*** Opening of DATA SHOWN ***

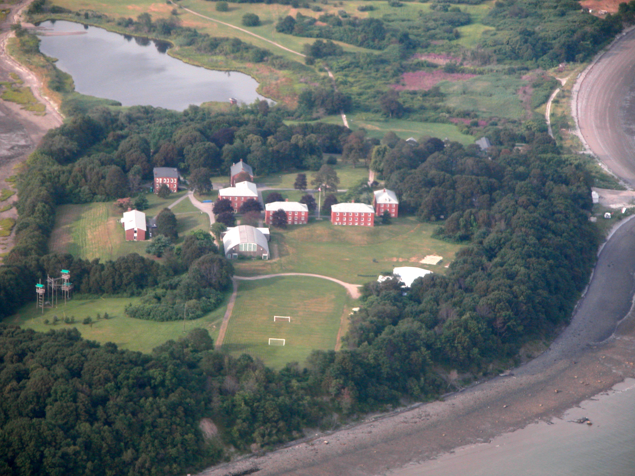 Thompson Island. the Thompson Island Outward Bound facility and Conference Center.
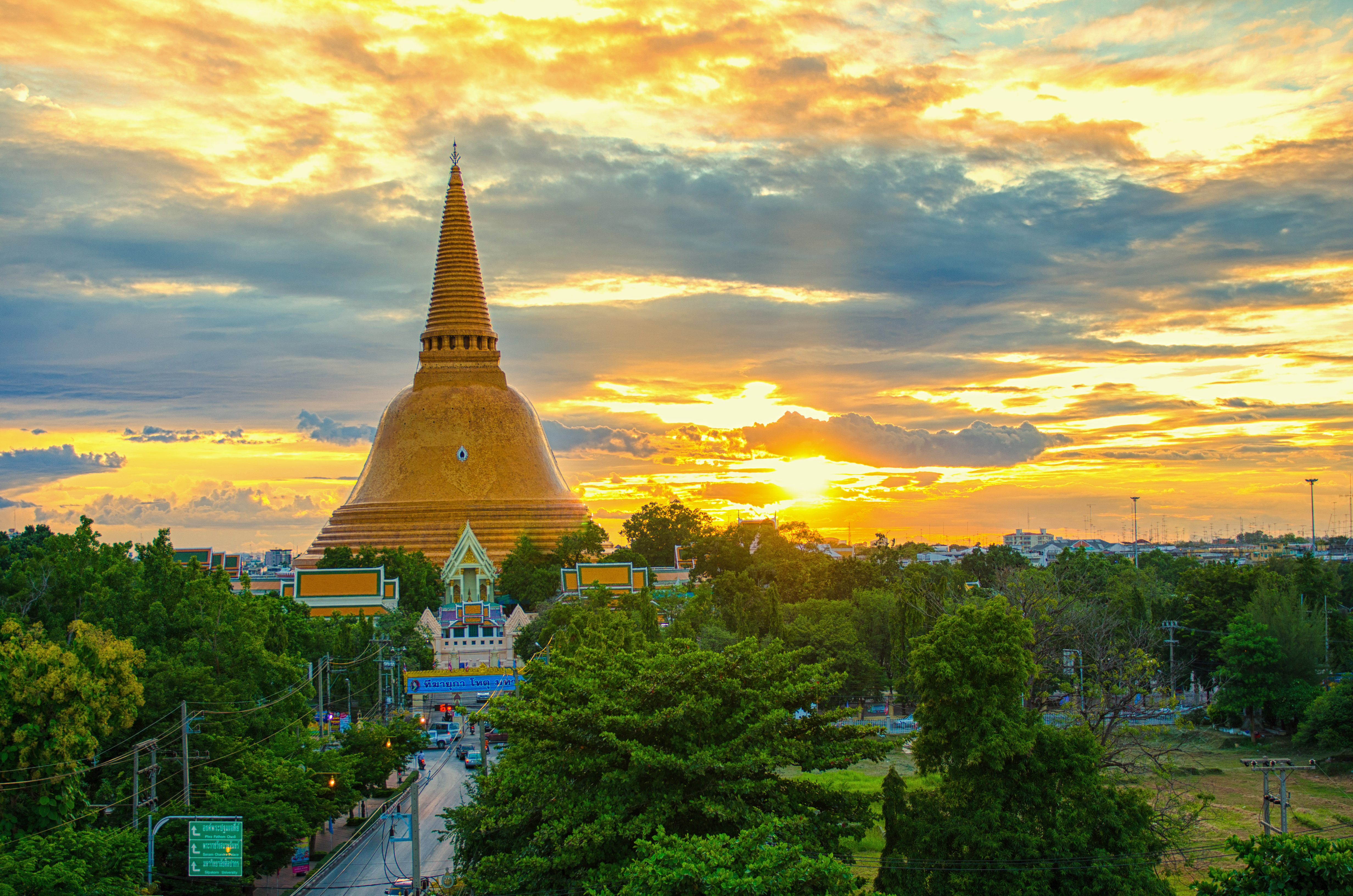 Phra Pathom Chedi before sunset
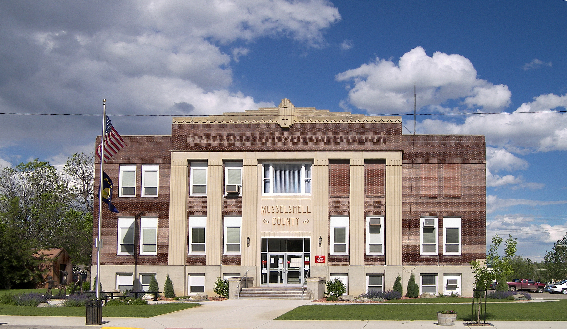 The Musselshell County, Montana Courthouse located in Roundup, Montana, United States.

*** Close of DATA SHOWN ***

Write down exactly the lines running from the line with "Phra Pathom Chedi before sunset" through the end of the material, both ends included, and none of the pictures.

## WRITTEN SOLUTION
 Phra Pathom Chedi before sunset
 The Musselshell County, Montana Courthouse located in Roundup, Montana, United States.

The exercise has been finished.